_WHAT THE TASK ASKS_.
Omit the pictures and retype only the lines from the one containing "Diese Spiralfederrute besteht" through the end of the listing, both ends included.

_GIVEN INFORMATION_.
-- Opening Marker --

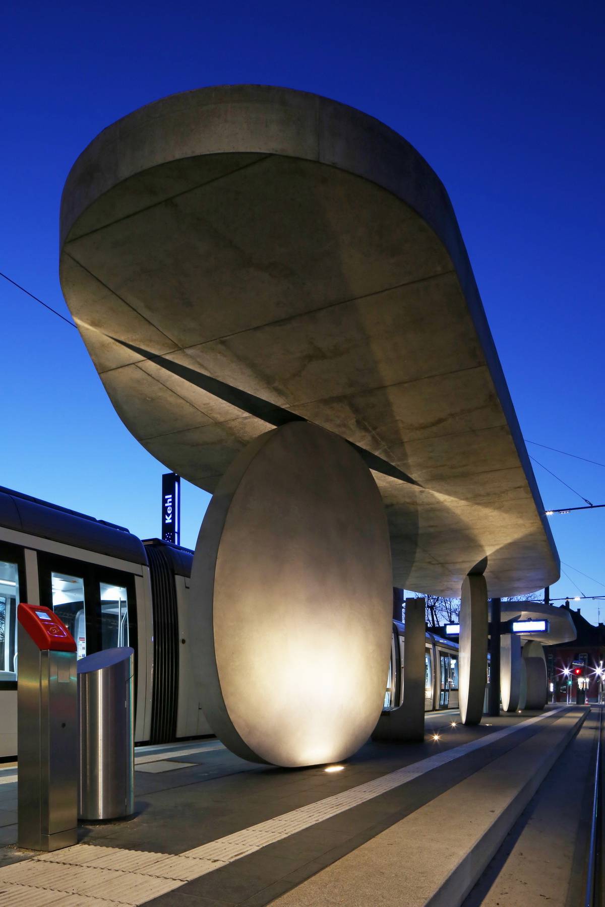 法國(guó)的斯特拉斯堡(Strasbourg)和德國(guó)凱爾(Kehl)之間的新公共交通連接強(qiáng)調(diào)了這些國(guó)家在歐盟中心位置的凝聚力。在法國(guó)一端,由Zaha Hadid設(shè)計(jì)的地景式折疊空間終點(diǎn)車站在2001年建造完成。
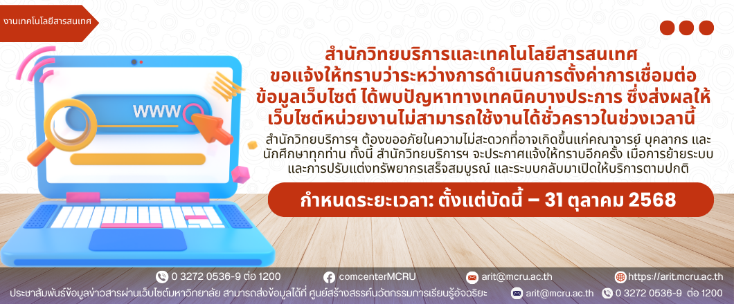 ระบบบริการออนไลน์ : https://maintain.mcru.ac.th
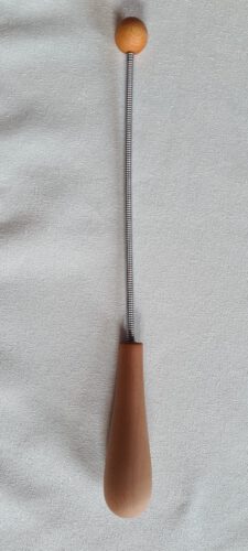 Diese Spiralfederrute besteht aus einem hochwertigen, handgedrechselten Griff aus Birnen- oder Olivenholz, einer Kugel aus Buchenholz und einer Spiralfeder aus Stahl.
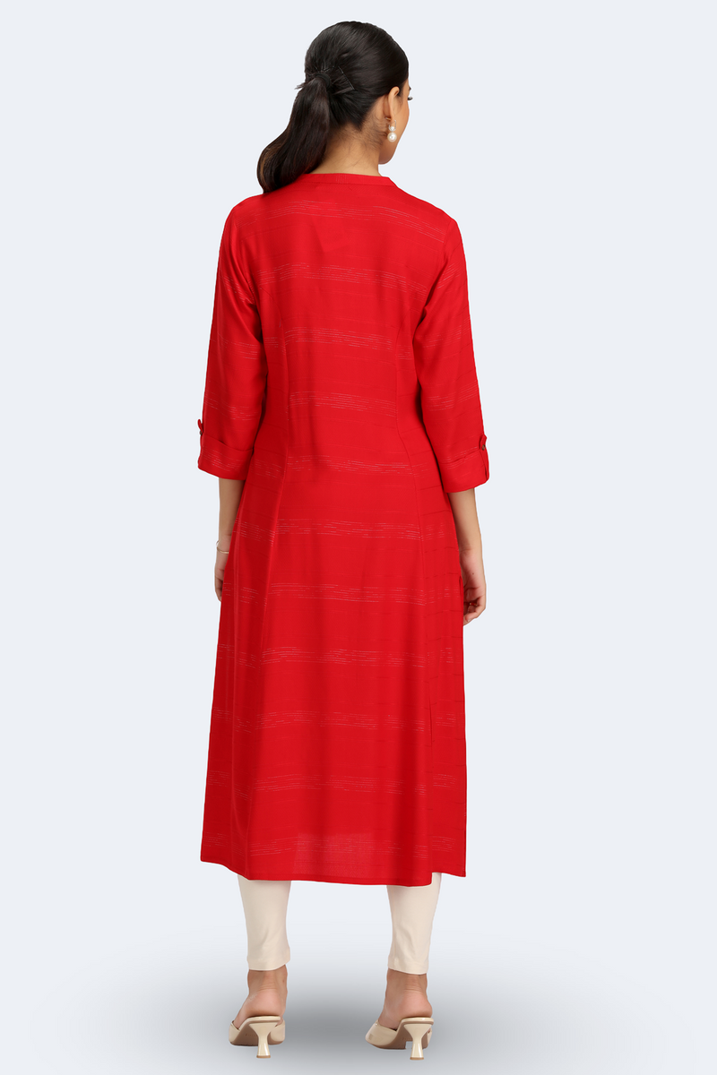 Red Jari Stripe Solid A Line Kurta

-- Closing Marker --

_SOLUTION TO THIS EXERCISE_.
 Diese Spiralfederrute besteht aus einem hochwertigen, handgedrechselten Griff aus Birnen- oder Olivenholz, einer Kugel aus Buchenholz und einer Spiralfeder aus Stahl.
 Red Jari Stripe Solid A Line Kurta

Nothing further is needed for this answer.